Dataset extract section start

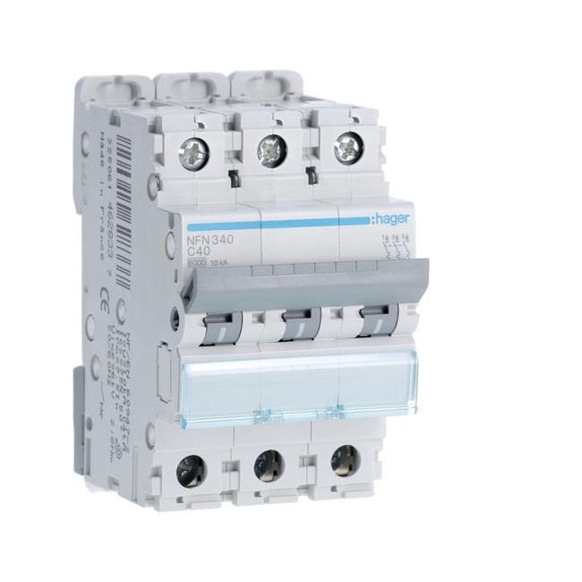 Disj.3P 6-10kA C-40A 3m - DISJONCTEURS MULTI. HAGER NFN340 PROTECTION TERTIAIRE - DISJ MULTI.6KA C
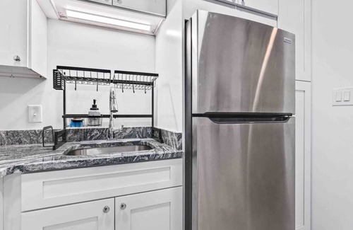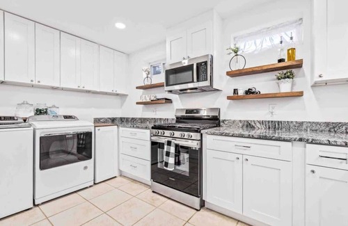 Continuing down the hallway, you’ll find two comfortable Queen bedrooms. One of the Queen bedrooms features two Queen beds, making it a great option for those traveling with family or friends. The other bedroom offers a peaceful retreat with a single Queen bed. The bathroom is conveniently located down the hall, separate from the bedrooms. The fully equipped kitchen also features a washer and dryer, adding extra convenience for longer stays.
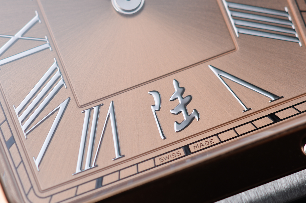 表盘:立体玫瑰金色表盘,罗马数字刻度,汉字“陆”时标
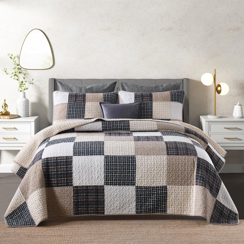 SOElinens Quilts King Size - Real-Patchwork Plaid Design King Quilt Set with Matching Shams, 3 Pieces 100% Cotton Lightweight Rustic Cabin Lodge Bedspread for All Season, Brown/Beige/Charcoal
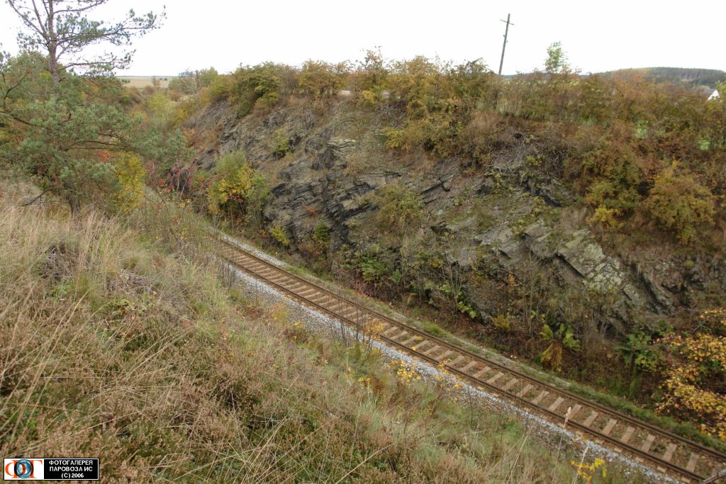 | Железнодорожный путь на Элиасбрунн на фоне каменистого обрыва { Track to Eliasbrunn }, Унтерлемнитц { Unterlemnitz }, Германия/Тюрингия Автор: Сергей Остапенко / Sergej Ostapenko | Фото сделано 24.X.2006, опубликовано 26.X.2006.
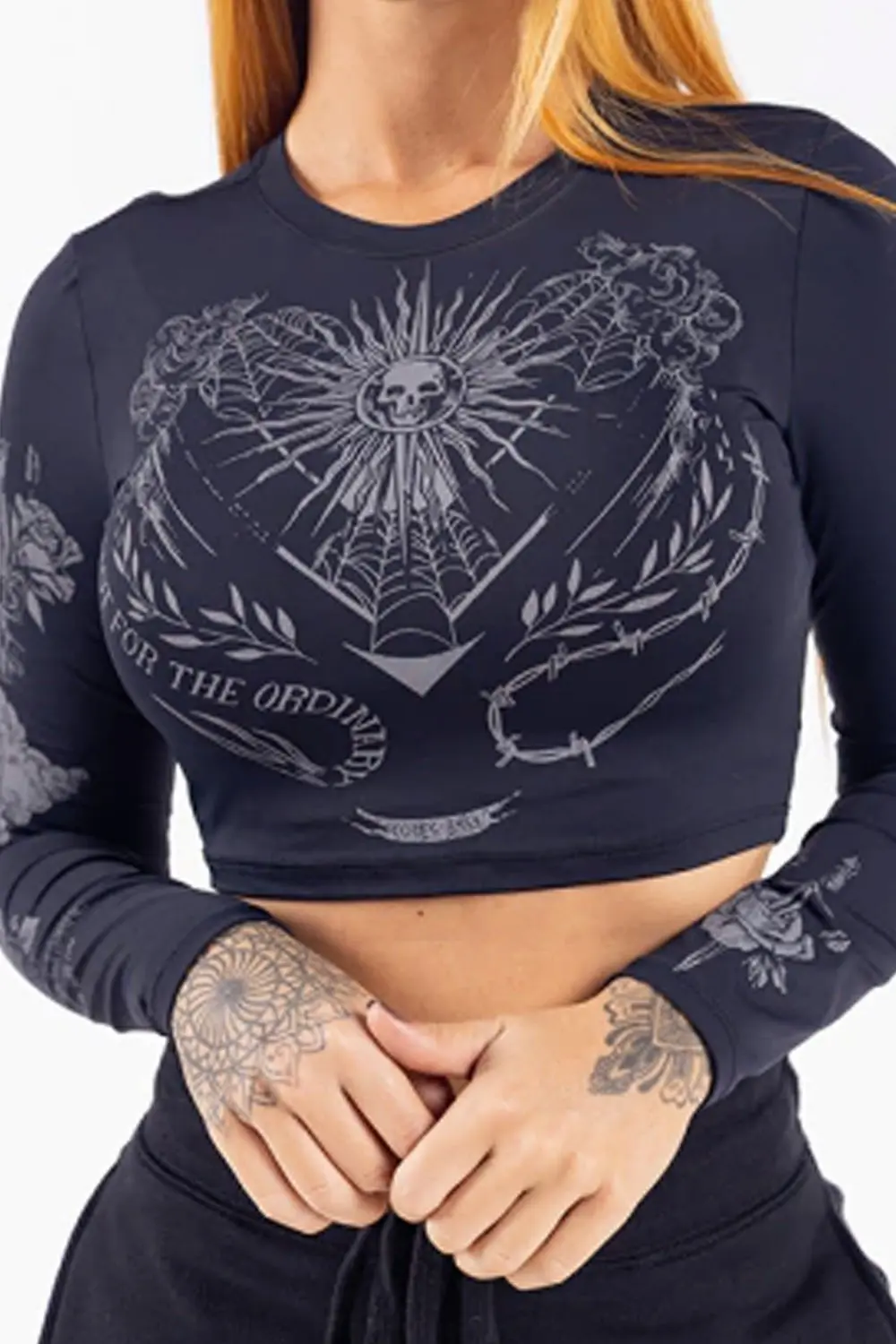 Características: Blusa cropped preta com mangas compridas e estampa gráfica cinza em toda a peça, inspirada em designs de tatuagens.

Dataset extract section end

▶ **Instructions for the task**
Each line from the one with "24.X.2006, опубликовано 26.X.2006." to the final line of the data above is to be printed exactly; no picture should appear in the copy.

▶ **Response**
 | Железнодорожный путь на Элиасбрунн на фоне каменистого обрыва { Track to Eliasbrunn }, Унтерлемнитц { Unterlemnitz }, Германия/Тюрингия Автор: Сергей Остапенко / Sergej Ostapenko | Фото сделано 24.X.2006, опубликовано 26.X.2006.
 Características: Blusa cropped preta com mangas compridas e estampa gráfica cinza em toda a peça, inspirada em designs de tatuagens.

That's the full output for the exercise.